Like interpolateHsl, but does not use the shortest path between hues.

# d3.**interpolateLab**(*a*, *b*) · Source, Examples

Returns a CIELAB color space interpolator between the two colors *a* and *b*. The colors *a* and *b* need not be in CIELAB; they will be converted to CIELAB using d3.lab. The return value of the interpolator is an RGB string.

# d3.**interpolateHcl**(*a*, *b*) · Source, Examples

Returns a CIELCh_{ab} color space interpolator between the two colors *a* and *b*. The colors *a* and *b* need not be in CIELCh_{ab}; they will be converted to CIELCh_{ab} using d3.hcl. If either color’s hue or chroma is NaN, the opposing color’s channel value is used. The shortest path between hues is used. The return value of the interpolator is an RGB string.

# d3.**interpolateHclLong**(*a*, *b*) · Source, Examples

Like interpolateHcl, but does not use the shortest path between hues.

# d3.**interpolateCubehelix**(*a*, *b*) · Source, Examples

Or, with a gamma of 3.0 to emphasize high-intensity values:

Returns a Cubehelix color space interpolator between the two colors *a* and *b* using a configurable gamma. If the gamma is not specified, it defaults to 1.0. The colors *a* and *b* need not be in Cubehelix; they will be converted to Cubehelix using d3.cubehelix. If either color’s hue or saturation is NaN, the opposing color’s channel value is used. The shortest path between hues is used. The return value of the interpolator is an RGB string.

# d3.**interpolateCubehelixLong**(*a*, *b*) · Source, Examples

Or, with a gamma of 3.0 to emphasize high-intensity values:

Like interpolateCubehelix, but does not use the shortest path between hues.
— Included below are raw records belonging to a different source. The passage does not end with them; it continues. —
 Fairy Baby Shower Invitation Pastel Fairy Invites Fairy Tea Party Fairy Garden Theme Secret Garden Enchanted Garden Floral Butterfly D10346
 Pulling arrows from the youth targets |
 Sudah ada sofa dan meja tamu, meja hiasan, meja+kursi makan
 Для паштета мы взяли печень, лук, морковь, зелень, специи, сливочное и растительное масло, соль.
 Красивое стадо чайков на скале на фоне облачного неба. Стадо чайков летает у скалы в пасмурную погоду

# *interpolate*.**gamma**(*gamma*)

Given that *interpolate* is one of interpolateRgb, interpolateCubehelix or interpolateCubehelixLong, returns a new interpolator factory of the same type using the specified *gamma*. For example, to interpolate from purple to orange with a gamma of 2.2 in RGB space:

```
const interpolator = d3.interpolateRgb.gamma(2.2)("purple", "orange");
```

See Eric Brasseur’s article, Gamma error in picture scaling, for more on gamma correction.
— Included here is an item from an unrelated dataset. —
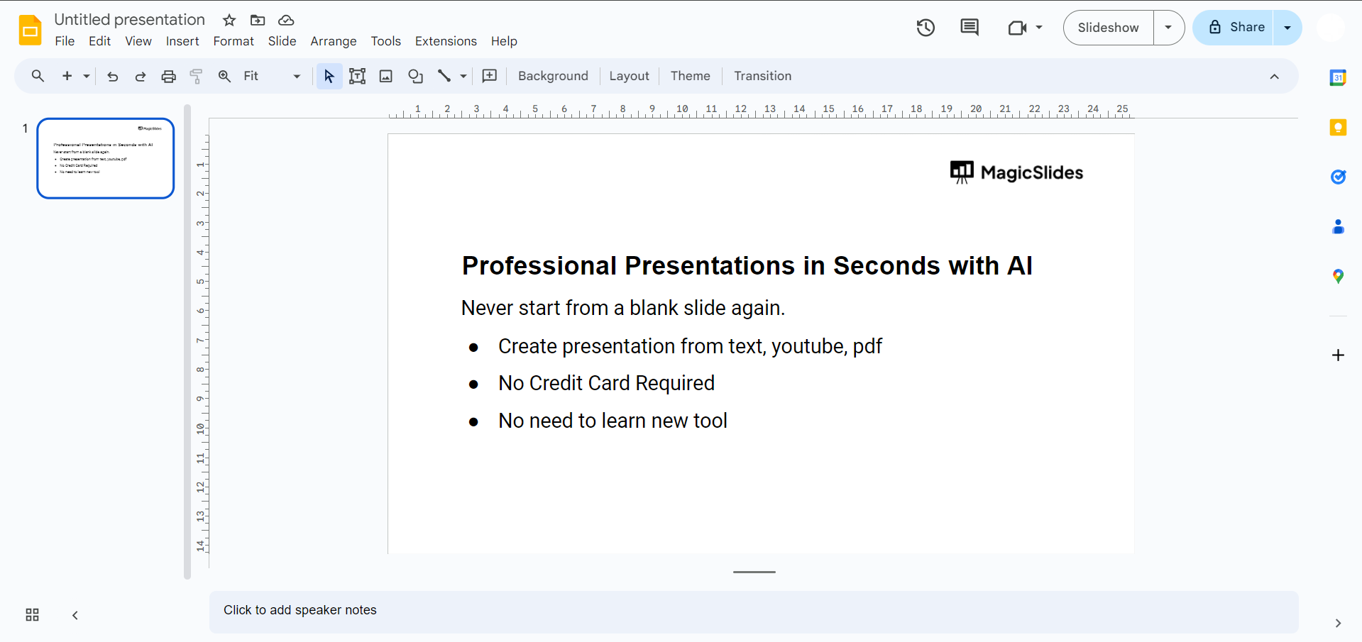 Begin by opening the Google Slides presentation you're working on or create a new one if you haven't started yet.

# d3.**interpolateHue**(*a*, *b*) · Source, Examples

Returns an interpolator between the two hue angles *a* and *b*. If either hue is NaN, the opposing value is used. The shortest path between hues is used. The return value of the interpolator is a number in [0, 360).

### Splines

Whereas standard interpolators blend from a starting value *a* at *t* = 0 to an ending value *b* at *t* = 1, spline interpolators smoothly blend multiple input values for *t* in [0,1] using piecewise polynomial functions. Only cubic uniform nonrational B-splines are currently supported, also known as basis splines.
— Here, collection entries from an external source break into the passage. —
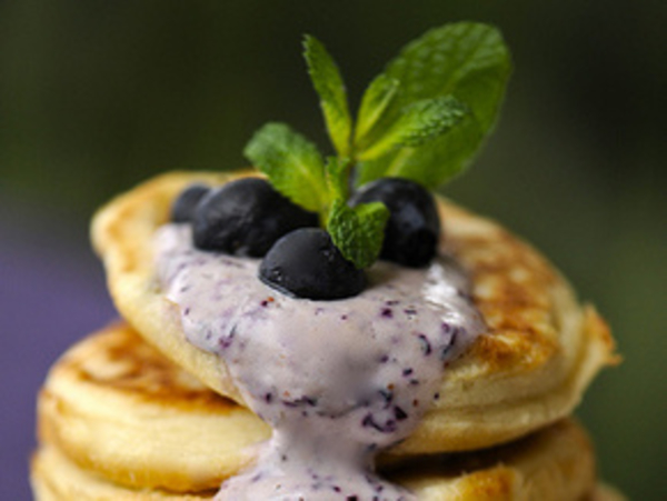В блендере делаем быстрый соус - взбиваем ягоды и обезжиренный йогурт.
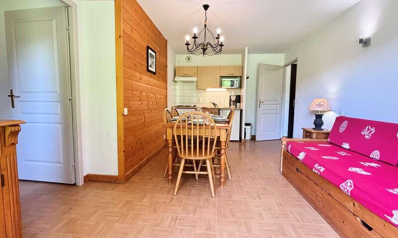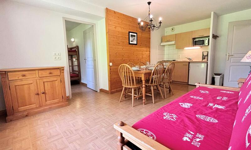 Situé au rez-de-chaussée de la résidence, cet appartement à la montagne d'une superficie d'environ 28m² comprend un séjour avec un canapé lits gigognes une place pour 2 personnes, une cuisine équipée ouverte sur la salle à manger et le séjour, une chambre avec lit double, une salle d'eau avec douche et WC.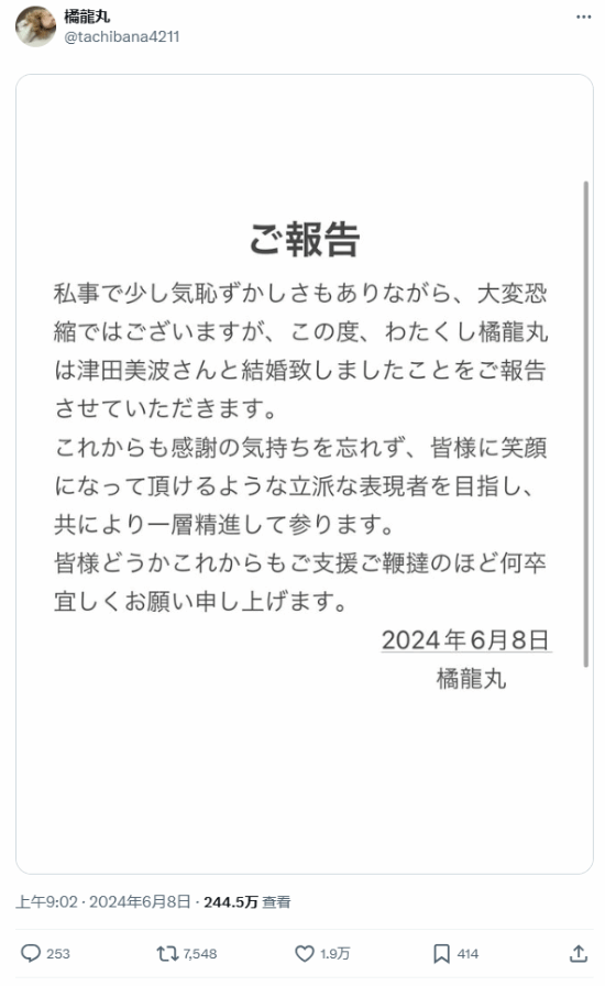 与声优津田结婚的声优橘龙丸也发布声明说明了此事,并表示后续将会与津田美波一起,为声优事业做出更大的努力。在评论区,网友们也纷纷为二人送上了祝福。
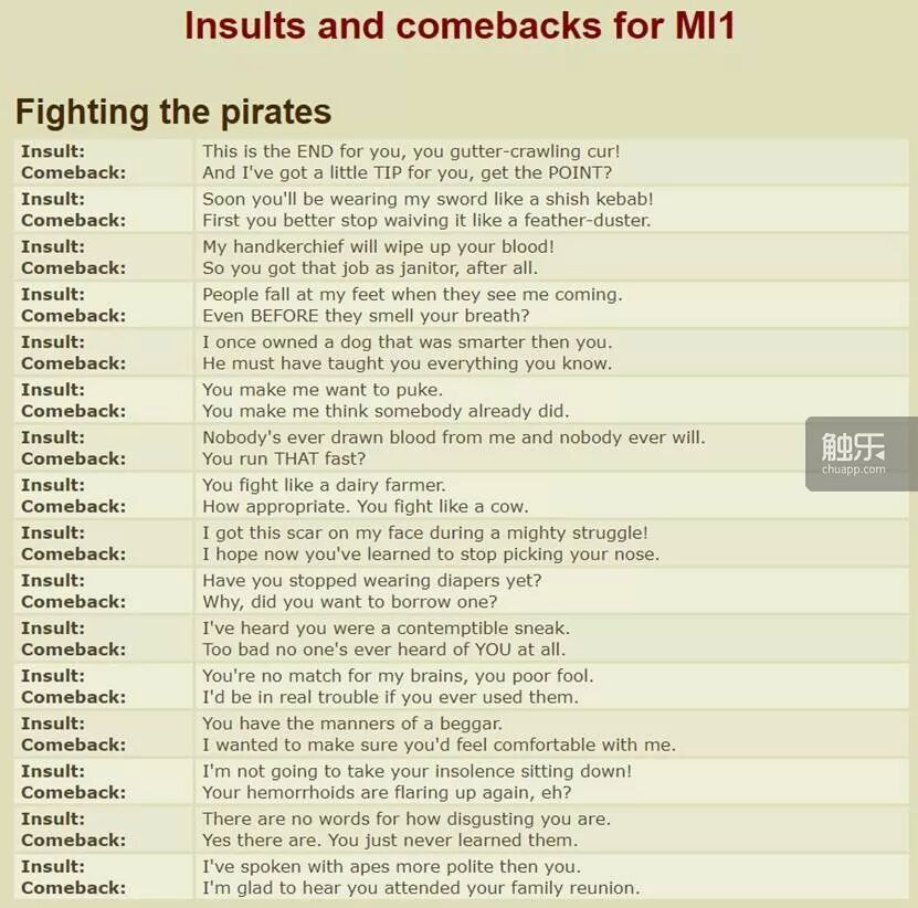 这些对话很难翻得传神(图片来源:“猴岛世界”(www.worldofmi.com)网站)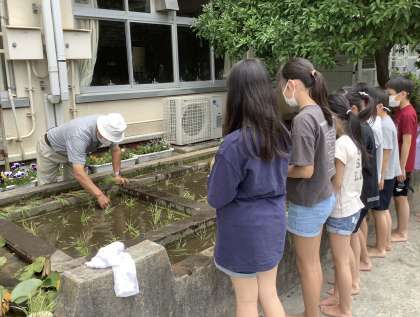 5年生は、社会科の学習で米作りについて学びます。その学習の一環として、5年生は5月31日(月)2・3校時に、学校にある小さな田んぼで田植え体験をしました。講師の先生に苗の植え方を教えていただき、多くの子が裸足になって田んぼに入りました。友達の楽しそうな姿を見て、「やっぱり田んぼに入ろう。」と挑戦した子もたくさんいました。「ずっと田んぼに入っていたい!楽しかった!」と、小さな田んぼでも田植えを大いに満喫した子ども達。今から秋の稲刈りを楽しみにしています。ご来校の際は、ぜひ稲の成長もご覧ください。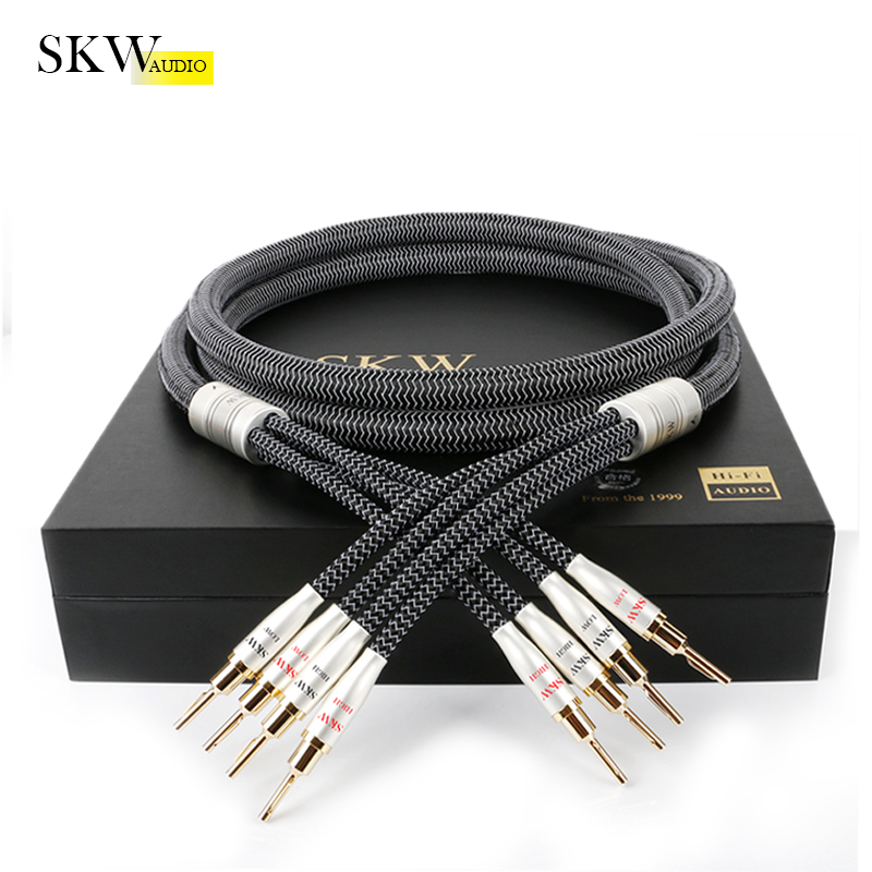 SKW高端發燒hifi單晶銅鍍銀四對四雙線分音喇叭線功放專業音箱線由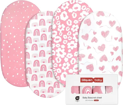 GLLQUEN BABY 4Pack Moses Basket Fitted Sheets, Newborn Pram Sheets Fitted, 100% Microfiber Oeko-tex100 Cozy and Breathable Crib Baby Bassinet Sheets for Boy and Girl, Easy Care Soft Fitted Sheet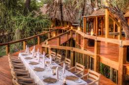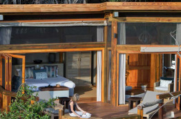 Les parties communes prennent place entre la piscine et le lagon, dans un bâtiment en bois aux chaudes tonalités. Une grande terrasse découverte permet de profiter du soleil. Les différentes parties du camp sont reliées par des passerelles en bois sur pilotis.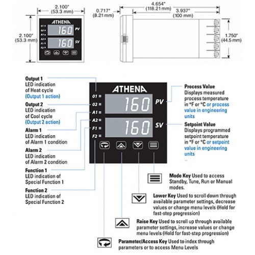 The Athena Legacy Series 16 is a 1/16 DIN panel mounted, auto-tuning digital temperature process controller. It offers precise control of a single loop with two independent outputs.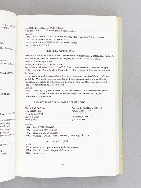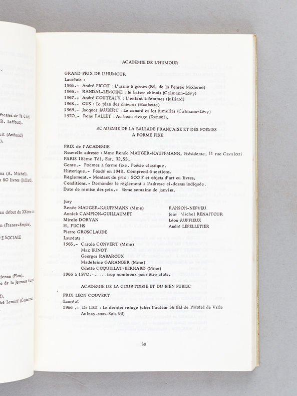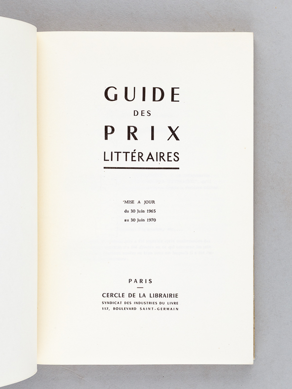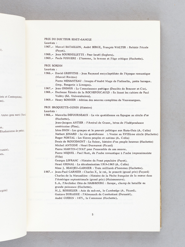 Intéressant document procurant la liste de l'intégralité des lauréats des prix littéraires de juin 1965 à juin 1970. La liste est longue !

# d3.**interpolateBasis**(*values*) · Source, Examples

Returns a uniform nonrational B-spline interpolator through the specified array of *values*, which must be numbers. Implicit control points are generated such that the interpolator returns *values*[0] at *t* = 0 and *values*[*values*.length - 1] at *t* = 1. See also d3.curveBasis.

# d3.**interpolateBasisClosed**(*values*) · Source, Examples

Returns a uniform nonrational B-spline interpolator through the specified array of *values*, which must be numbers. The control points are implicitly repeated such that the resulting one-dimensional spline has cyclical C² continuity when repeated around *t* in [0,1]. See also d3.curveBasisClosed.

### Piecewise

# d3.**piecewise**([*interpolate*, ]*values*) · Source, Examples

Returns a piecewise interpolator, composing interpolators for each adjacent pair of *values*. The returned interpolator maps *t* in [0, 1 / (*n* - 1)] to *interpolate*(*values*[0], *values*[1]), *t* in [1 / (*n* - 1), 2 / (*n* - 1)] to *interpolate*(*values*[1], *values*[2]), and so on, where *n* = *values*.length. In effect, this is a lightweight linear scale. For example, to blend through red, green and blue:

```
const interpolate = d3.piecewise(d3.interpolateRgb.gamma(2.2), ["red", "green", "blue"]);
```

If *interpolate* is not specified, defaults to d3.interpolate.